# [Extracted material]
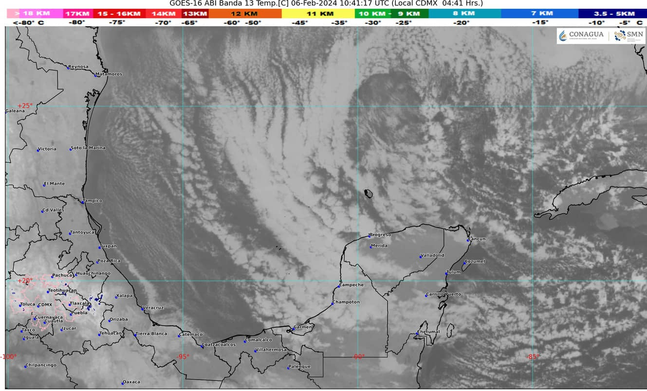 Cielo medio nublado a nublado con lluvias aisladas en Campeche, Yucatán y Quintana Roo. Ambiente fresco por la mañana y templado por la tarde. Evento de “Norte” con rachas de viento de 40 a 60 km/h y oleaje de 1 a 3 metros de altura durante esta mañana en costas de Campeche, Yucatán y Quintana Roo.
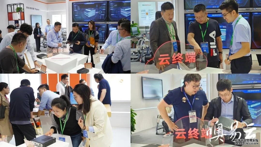 工作人员细致讲解云终端相关产品(图) 噢易云作为 教育桌面云领先品牌,持续赋能高校数字化转型发展,致力于成为全国桌面服务领域的领头羊,帮助客户业务创新发展。目前高教客户覆盖90%以上,超过2000所高校部署噢易桌面云方案,市场占用率68%左右,其中985/211/双一流高校专家客户占比第一,高职“双高校”占比第一。噢易云深耕教育十二载,技术引领启新程,坚持“一朵云,覆盖行业全场景桌面需求”,帮助更多的高校将教学办公电脑上云端,探索教育数字化转型发展美好未来。
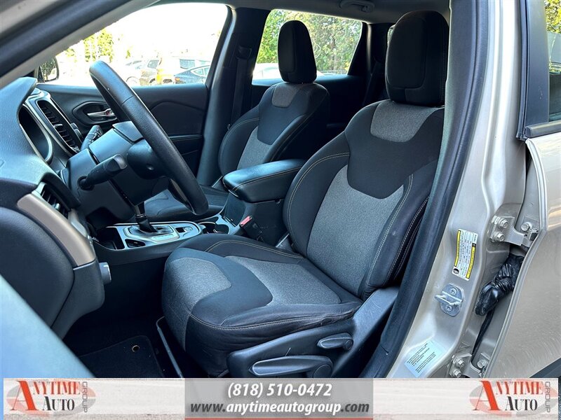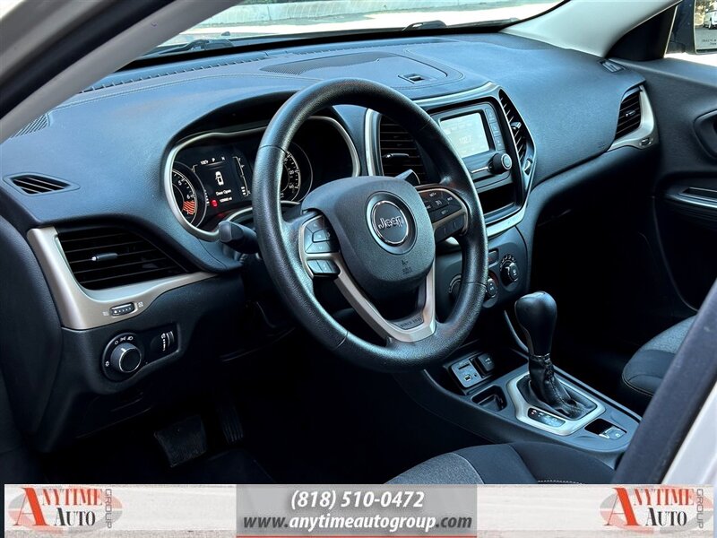 This 2015 Jeep Cherokee Sport comes equipped with a powerful 2.4L I4 engine producing 180hp and 171ft. lbs. of torque. The exterior is coated in a stylish Cashmere Pearl Coat, complemented by a sleek Black interior. This vehicle boasts a fuel-efficient performance, achieving 22 MPG in the city and an impressive 31 MPG on the highway. In excellent overall condition, this Cherokee Sport offers a range of factory default features designed to enhance both comfort and convenience for drivers and passengers alike.
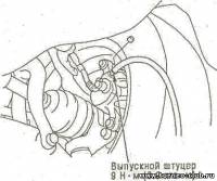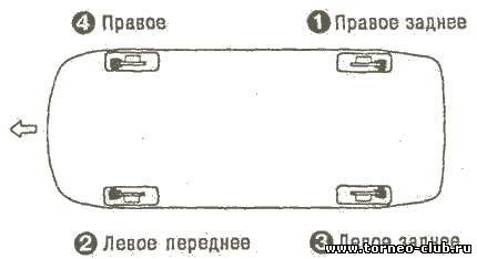 1 Убедитесь, что тормозная жидкость в наполнительном бачке налита до верхнего (МАХ) уровня. 2. Воспользуйтесь чьей-нибудь помощью, чтобы медленно нажать на педаль тормоза несколько раз, затем постоянно надавить на педаль. 3. Ослабьте выпускной штуцер тормоза, чтобы воздух мог выйти из системы. Затем надежно закрутите выпускной штуцер. 4. Повторите этот порядок для каждого колеса в последовательности показанной внизу до тех пор, пока в жидкости перестанут появляться пузыри. 5. Наполните наполнительный бочок главного тормозного цилиндра до верхнего уровня. Последовательность прокачки:
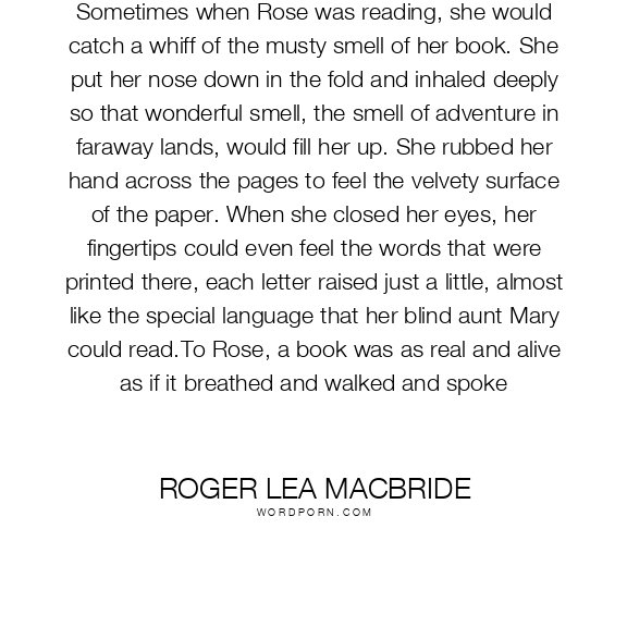 Sometimes when Rose was reading, she would catch a whiff of the musty smell of her book. She put her nose down in the fold and inhaled deeply so that wonderful smell, the smell of adventure in faraway lands, would fill her up. She rubbed her hand across the pages to feel the velvety surface of the paper. When she closed her eyes, her fingertips could even feel the words that were printed there, each letter raised just a little, almost like the special language that her blind aunt Mary could read.To Rose, a book was as real and alive as if it breathed and walked and spoke
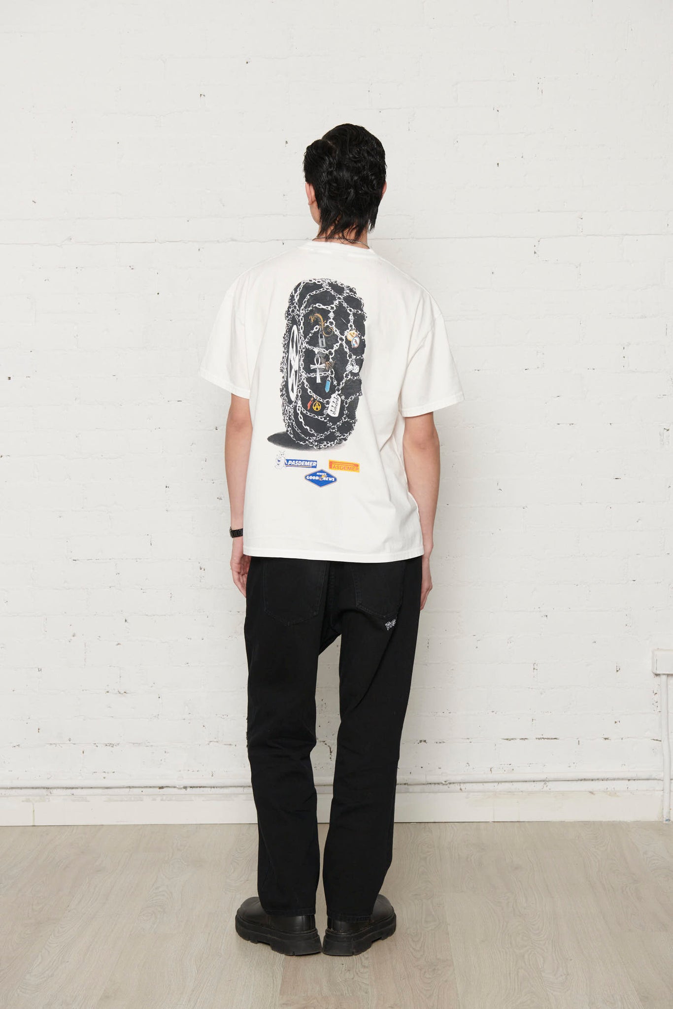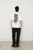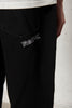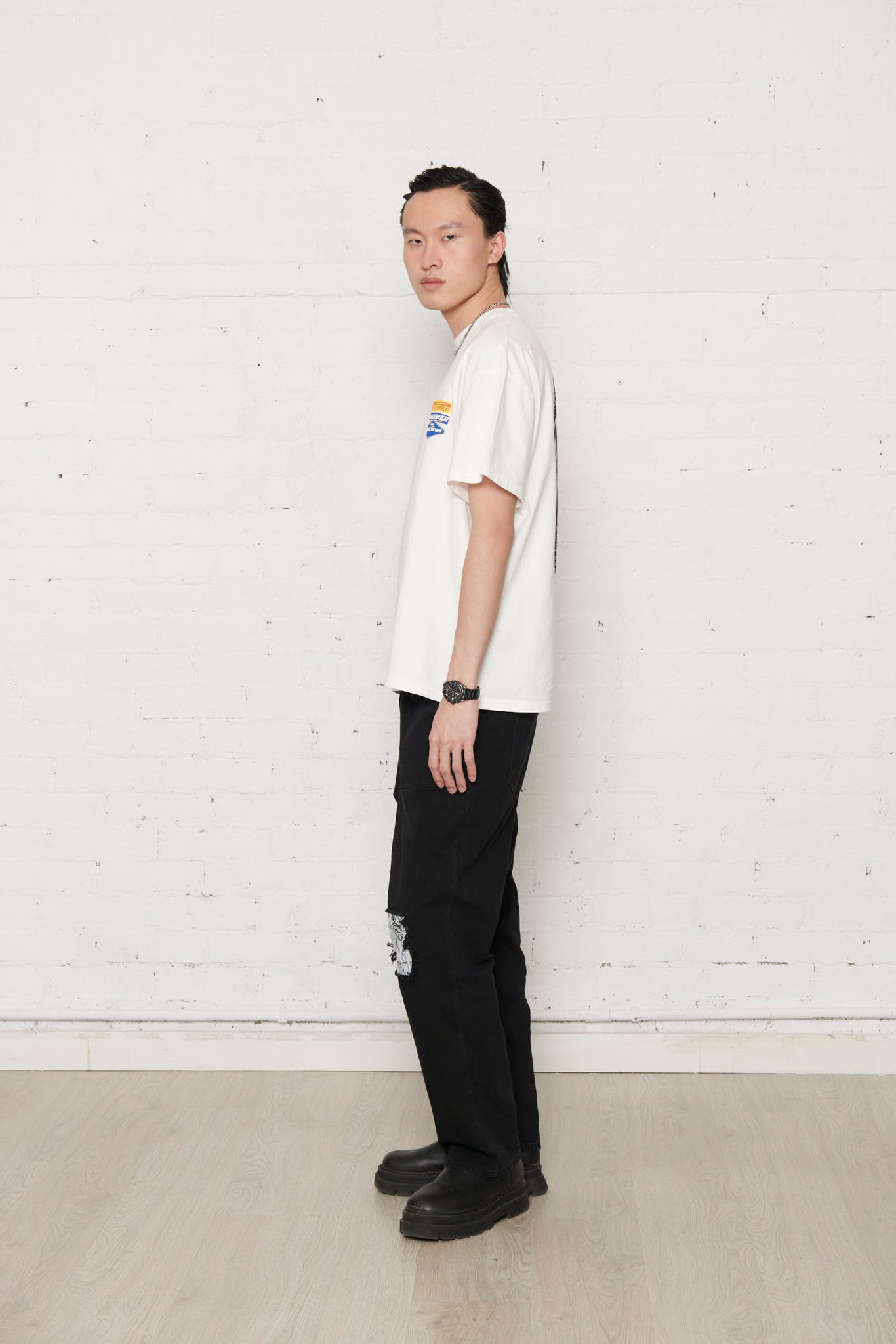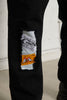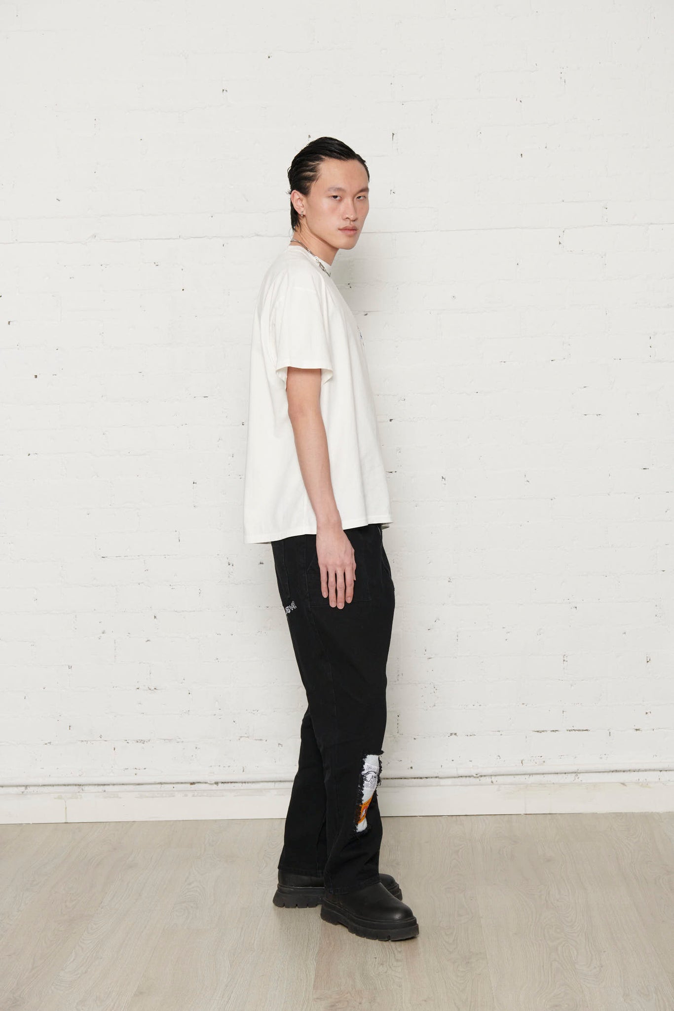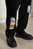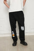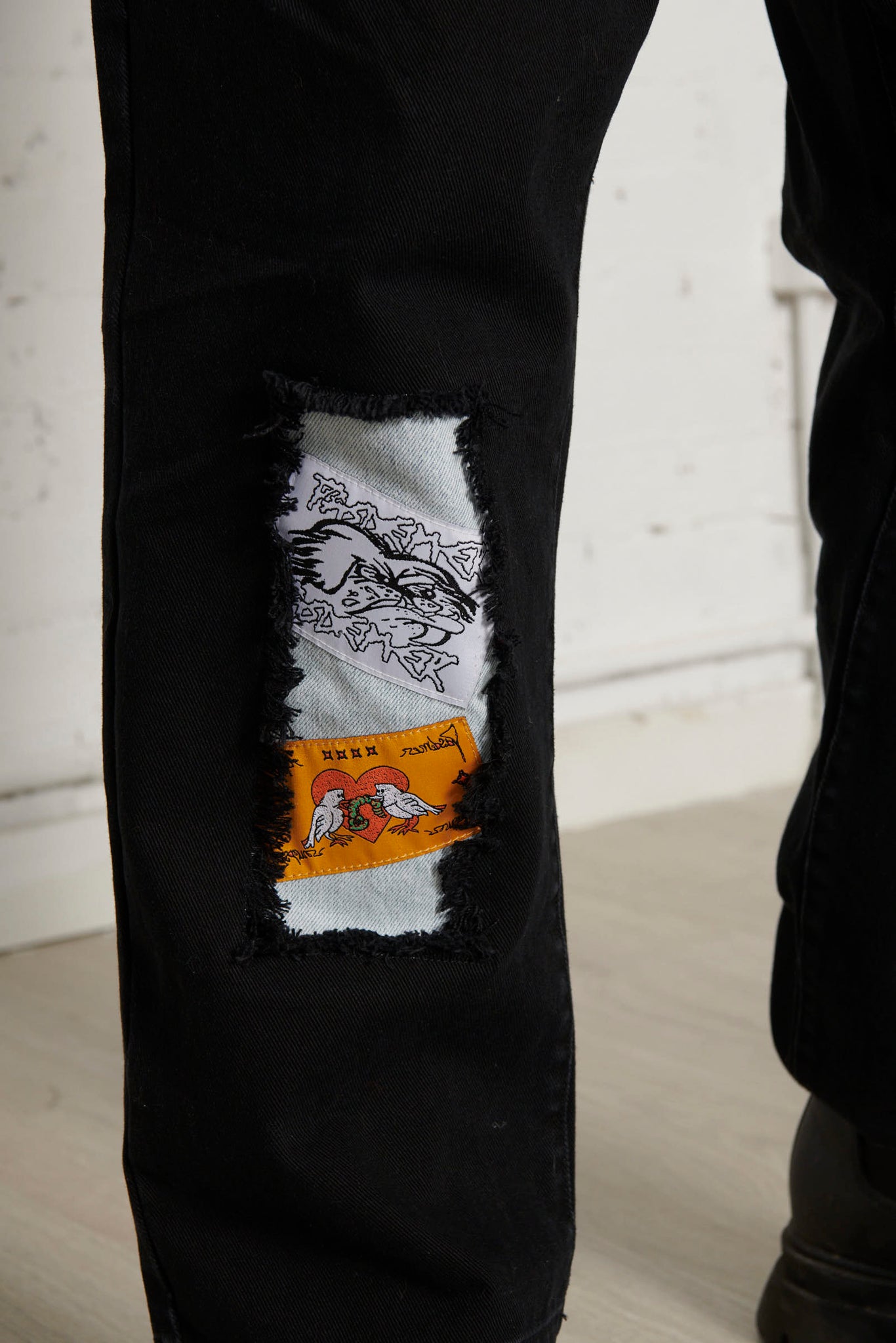 Designed in a dark blue wash, the pants are detailed with raw-edge patches on the front legs, featuring woven graphic labels and embroidered artwork for a distinctive finish.

# [Task description]
Every line between the one containing "Sometimes when Rose" and the last line of the data above, both included, should be copied exactly, but not the pictures.

# [Answer to the problem]
 Sometimes when Rose was reading, she would catch a whiff of the musty smell of her book. She put her nose down in the fold and inhaled deeply so that wonderful smell, the smell of adventure in faraway lands, would fill her up. She rubbed her hand across the pages to feel the velvety surface of the paper. When she closed her eyes, her fingertips could even feel the words that were printed there, each letter raised just a little, almost like the special language that her blind aunt Mary could read.To Rose, a book was as real and alive as if it breathed and walked and spoke
 Designed in a dark blue wash, the pants are detailed with raw-edge patches on the front legs, featuring woven graphic labels and embroidered artwork for a distinctive finish.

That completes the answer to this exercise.